GPU (Graphics Processing Unit) Core: At the core of every graphics card, the GPU stands as a dedicated processor optimized for accelerating graphics rendering. With its ability to process thousands of operations simultaneously, the GPU excels in tasks that require parallel processing. This makes it indispensable not just for gaming and visual applications, but also for specific computational tasks in areas such as scientific research and machine learning.
GPU Memory: Graphics cards are equipped with a specialized form of memory, known as Video RAM (VRAM), which is optimized to meet the high-speed, high-bandwidth demands of processing and rendering visuals. VRAM is used to store textures, frame buffers, and other essential data needed for rendering images, contributing directly to the speed and quality of the graphics produced.
VRM: To meet their high-power draws, high-end graphics cards often require more power than the motherboard can supply. This leads to the necessity for direct power connections from the computer’s power supply unit (PSU) via one or more dedicated 8-pin connectors. The PSU provides the additional power over a 12v rail which is then converted to the ~1V required by the GPU die, as well as to various other voltages needed for components like memory on the card. This conversion is handled by the Voltage Regulation Module (VRM).
Display interfaces: The main objective of graphics cards is to output the rendered images to display devices. They are equipped with various output interfaces such as HDMI, DisplayPort, DVI, and VGA ports. These interfaces enable connectivity with a wide range of display devices, including monitors, TVs, and projectors, catering to different needs and ensuring compatibility with various display technologies.
Cooling: High-performance graphics cards generate a substantial amount of heat due to their intense processing tasks. To counter this, a robust cooling system is used, which may comprise heat sinks to dissipate heat, fans to circulate air, and in some cases, liquid cooling solutions. These systems work together to ensure the GPU operates within safe temperature ranges, thus maintaining performance and longevity.

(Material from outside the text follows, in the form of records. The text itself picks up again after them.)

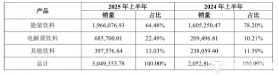 值得一提的是,东鹏饮料公告显示,东鹏饮料积极进行多品类布局,培育第二增长曲线产品,2025年半年度,东鹏饮料能量饮料销量占比由2024年的78.20%下降为64.48%,电解质饮料销量占比由10.21%上升为22.49%,呈现出“多点开花”的态势。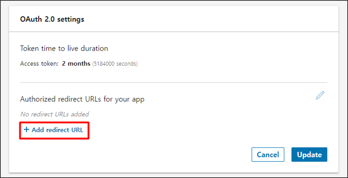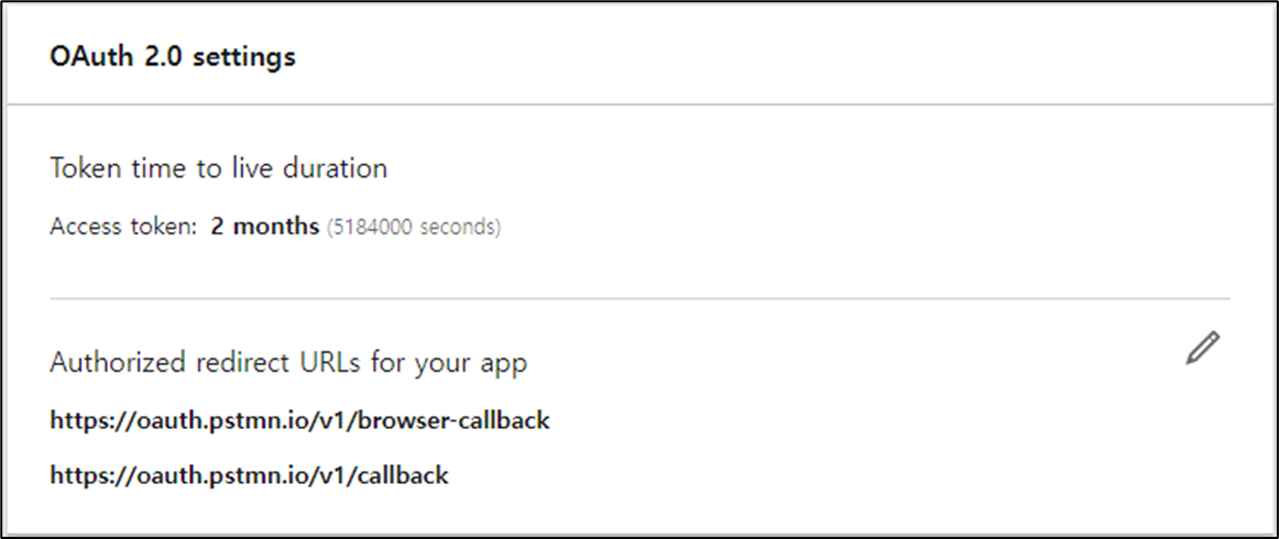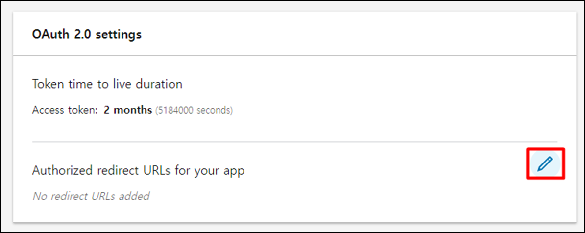 그리고 바로 밑에 카드에서 OAuth 2.0 Setting로 가서 URL을 추가해준다.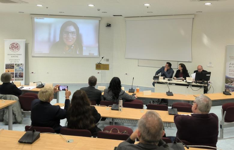 Από την πλευρά τους η καθηγήτρια Μαρία Βαμβακάκη, Αντιπρύτανης Ακαδημαϊκών Υποθέσεων, Δια Βίου Μάθησης και Ερευνητικής Πολιτικής του Πανεπιστημίου Κρήτης, ο καθηγητής Γιώργος Κοσιώρης, μέλος του Συμβουλίου Διοίκησης του Πανεπιστημίου Κρήτης, πρ. Αντιπρύτανης και Πρόεδρος του ΚΕΔΙΒΙΜ του Πανεπιστημίου Κρήτης και η καθηγήτρια Σοφία Σχίζα, Αντιπρύτανης Διοικητικών Υποθέσεων και Φοιτητικής Μέριμνας του Πανεπιστημίου Κρήτης, στους χαιρετισμούς τους ευχαρίστησαν την Περιφέρεια Κρήτης, τον Περιφερειάρχη Σταύρο Αρναουτάκη, για την συνεχή στήριξη και συνεργασία προς τα Εκπαιδευτικά και Ερευνητικά Ιδρύματα του νησιού.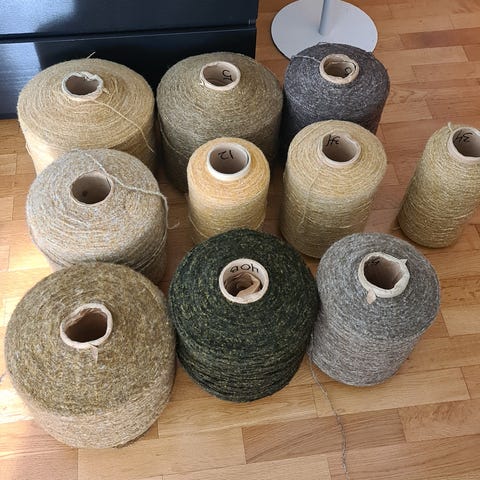 Store spoler med blandingsgarn perfekt for tepper og ryer. Brukes både til vev og tuftepistol. Noen gigaspoler har vi flere av samme farge og noen kun 1 igjen av.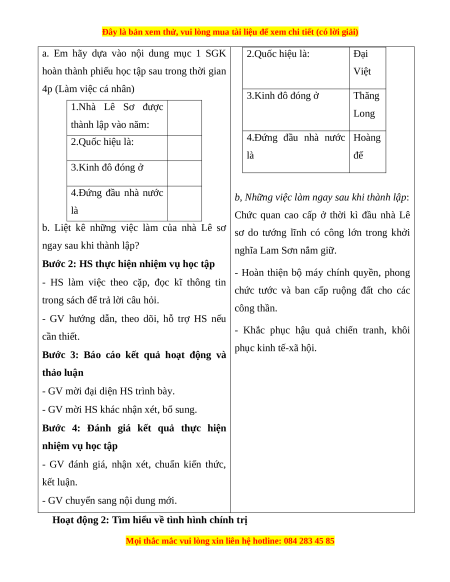 hoàn thành phiếu học tập sau trong thời gian Việt 4p (Làm việc cá nhân) 3.Kinh đô đóng ở Thăng 1.Nhà Lê Sơ được Long thành lập vào năm: 2.Quốc hiệu là: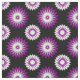 Tissu avec un motif de fleurs géométriques moderne sans couture dans les couleurs du drapeau de la fierté d'asexualité ; un motif de fierté d'ace noir, gris, blanc et magenta/violet, sur un fond noir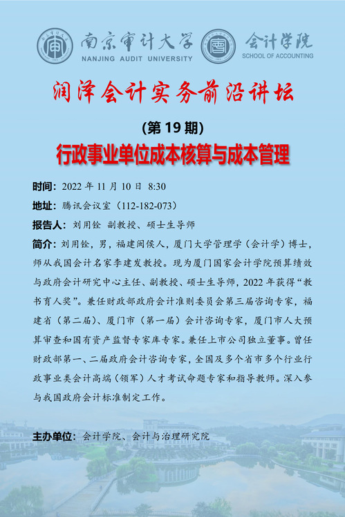 润泽会计实务前沿讲坛第19期:刘用铨-行政事业单位成本核算与成本管理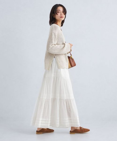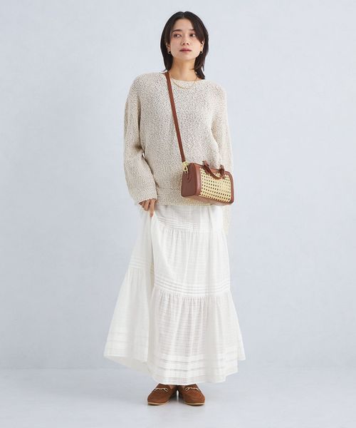 エアリーなボリュームスカートに合わせてフェミニンな着こなしもおすすめです。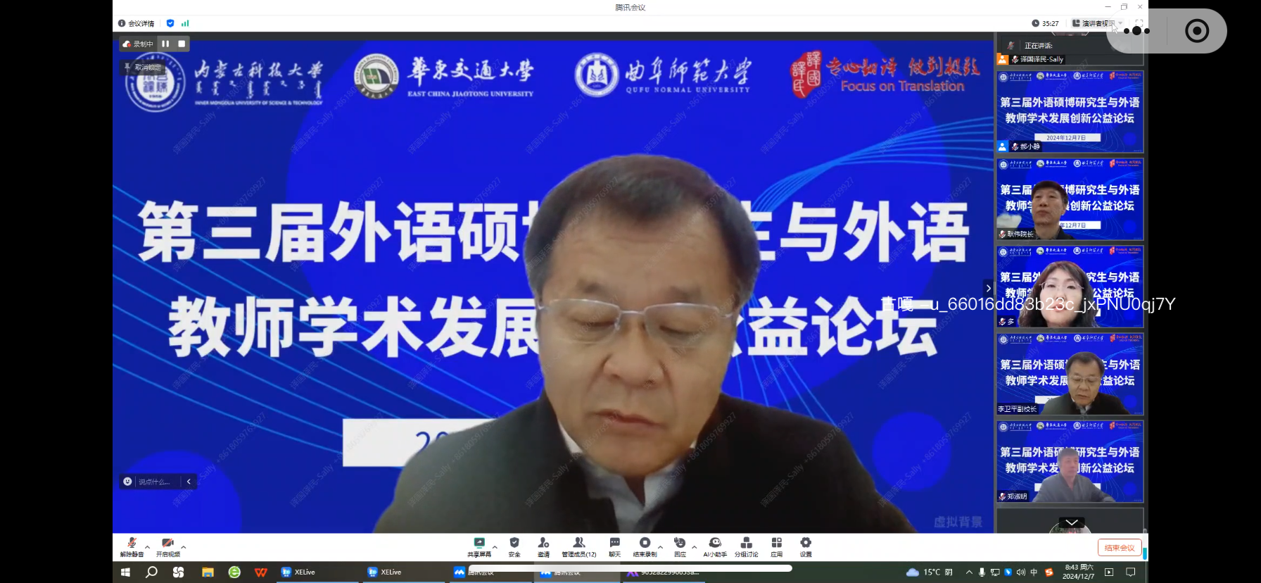 主办,译国译民集团承办,华东交通大学、曲阜师范大学合办。来自广东外语外贸大学、华中科技大学、哈尔滨工业大学、东北师范大学、内蒙古科技大学等全国各大高校的专家学者、师生代表线上线下参加了论坛。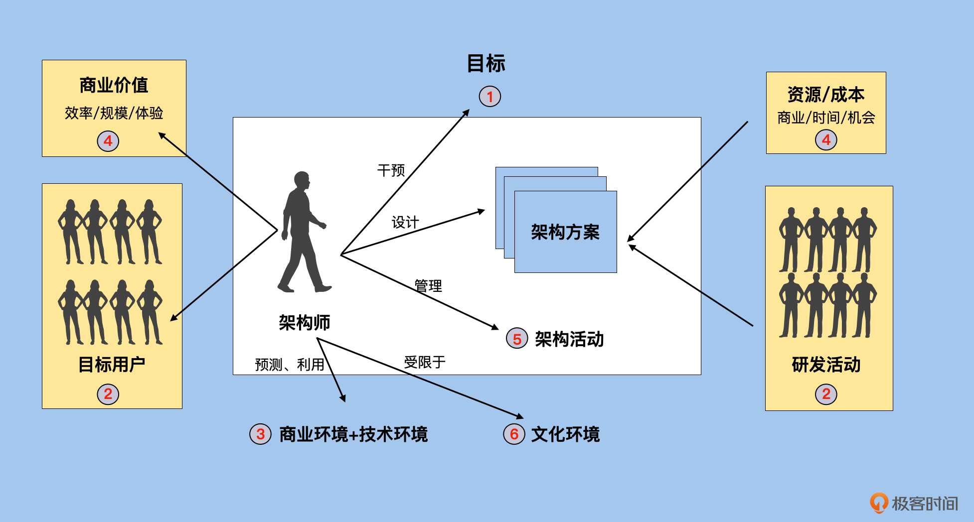 当我们把架构师的活动归纳总结后,很容易就能清楚到底是什么在影响整个架构活动的成败。我将它们总结归纳为六个要素,分别是:目标、资源、行为、天时、地利以及人和(要素的排列顺序与法则的顺序并不是一一对应的,在这节课的最后我会进行解释)。

What are the components of the Graphics Processing Unit (GPU) core?👁 An open pc case, with a Gigabyte graphics card installed next to an AMD CPU heatsink and a Samsung SSD.

The GPU core is the brains of the entire graphics operation of your PC and there are a few key components of the GPU that help it in successfully doing its job.

Stream Processors or CUDA Cores are the functional working units within a GPU core, dedicated to performing the FP32 shader operations and computational work required for graphics rendering and other parallel processing tasks. The abundance of stream processors or CUDA cores (depending on your GPU) enables the GPU to handle multiple operations simultaneously. The greater the number of these cores, the faster the GPU.
Memory Interface: The GPU's memory bandwidth determines data transfer speeds between the GPU core and VRAM. This is dependent on two factors: memory interface width (bits) and VRAM transfer rate (measured in Gbps). Bandwidth, which is measured in GB/s, is calculated by multiplying the bus width with the transfer rate and then dividing by 8 bits per byte. For instance, a GPU with a 320-bit bus width and 14 Gbps VRAM transfer rate yields a bandwidth of 560 GB/s.
ROPs (Raster Operations Pipelines) and TMUs (Texture Mapping Units): ROPs play quite an important role in producing the final pixel output on the screen, executing tasks such as antialiasing to enhance image quality. TMUs, on the other hand, are responsible for applying textures to 3D models. Both components are vital for achieving high-quality visual effects and rendering performance, contributing significantly to the overall visual experience.
RT Cores: These dedicated units accelerate real-time ray tracing tasks, such as bounding volume hierarchy traversal and ray-triangle intersections. By offloading these specific computations to specialized hardware, GPUs achieve a significant reduction in load for rendering complex lighting effects.
Tensor Cores: Specialized for accelerating matrix multiplications, these cores are crucial in deep learning and neural network computations. They leverage mixed-precision computing to enhance throughput while incorporating mechanisms (FP16 for computation, FP32 for accumulation) to boost performance without sacrificing accuracy to ensure precision.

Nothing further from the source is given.